Exercise programs can also provide people with an outlet for their time and creativity. When they’re under the influence of drugs, they may spend all their spare time looking for drugs, taking drugs or recovering from drugs. Exercise can provide people with a new hobby and a less destructive way to fill up the days. These classes could be the beginning of a healthy new passion that will continue to support people for the rest of their lives.
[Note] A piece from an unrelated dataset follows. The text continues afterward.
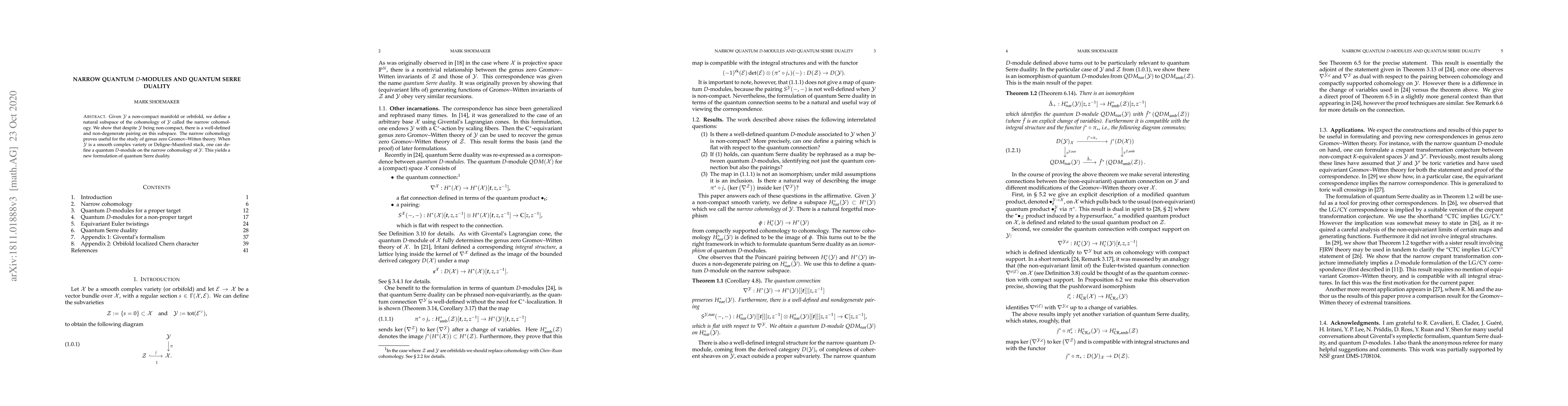 Given Y a non-compact manifold or orbifold, we define a natural subspace of the cohomology of Y called the narrow cohomology. We show that despite Y being non-compact, there is a well-defined and non-degenerate pairing on this subspace. The narrow cohomology proves useful for the study of genus zero Gromov-Witten theory. When Y is a smooth complex variety or Deligne-Mumford stack, one can define a quantum D-module on the narrow cohomology of Y. This yields a new formulation of quantum Serre duality.
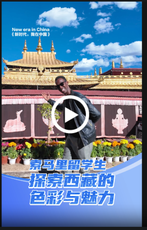在西藏的藍(lán)天白云下,索馬里留學(xué)生陽光(Musab Abdikadir)覺得這里的風(fēng)景宜人、色彩斑斕,令人心馳神往。作為中央民族大學(xué)的學(xué)生,陽光在中國已生活了八年,初次踏足西藏,他便被這片充滿新鮮感的土地和震撼心靈的美景所打動。

How Exercise Helps With Recovery
While feeling physically fit and mentally sound might be beneficial for almost anyone, people with addictions might also encounter other benefits through the development of a regular exercise routine. For example, clinical research on the benefits of exercise published in Mental Health and Physical Activity followed a group of drug-addicted patients who participated in a three-month aerobic exercise class as part of a comprehensive drug rehab program.
Cardiovascular exercise can boost the brain’s production of neurotransmitters that support emotional stability and a sense of well-being, like dopamine, serotonin and norepinephrine. Many illicit drugs interfere with the production of these chemicals, causing the intense cravings and emotional instability that characterize addiction. People become accustomed to accessing large amounts of these chemicals on a regular basis, and they may feel as though their lives are just not worthwhile unless they can feel the effects of these chemicals. Exercise provides a natural and healthy route to the neurotransmitters these people need, allowing them to break a psychological addiction to drugs. When they exercise, they won’t need pills or hits of drugs. They’ll have the same benefit while they’re helping their bodies with exercise.
Can Exercise Become an Addiction?
When exercise is integrated into a complete recovery plan, it can be a powerful tool for overcoming addiction.
But for some people who are recovering from drug or alcohol abuse, exercise itself becomes a substitute for the compulsive behavior. They may become hooked on the chemicals the brain releases during a bout of rigorous exercise, and they may feel a desperate need to exercise in order to get those chemicals.
Instead of feeling better with the addition of exercise, researchers writing in the journal Sports Medicine suggest that exercise-addicted people feel worse, with symptoms that look a lot like depression. Warning signs of an exercise addiction like this include:
- Insisting on sticking to a rigorous regimen, even when injured or sick
- Skipping recovery meetings or counseling sessions in order to work out instead
- Exercising instead of spending time with time with family or friends or engaging in other sober activities
- Feeling compelled to keep pushing, instead of feeling happy with the goals reached in the exercise program
This kind of problem can be treated via the same techniques used in a drug or alcohol addiction program, and treatment programs that use exercise are careful to watch their clients to ensure that they don’t begin to develop an unhealthy dependence on an intervention that’s designed to help them feel better. Treatment programs might also include questions regarding exercise in their follow-up interviews in the aftercare process, just to ensure that exercise-related problems don’t develop when the treatment program is complete.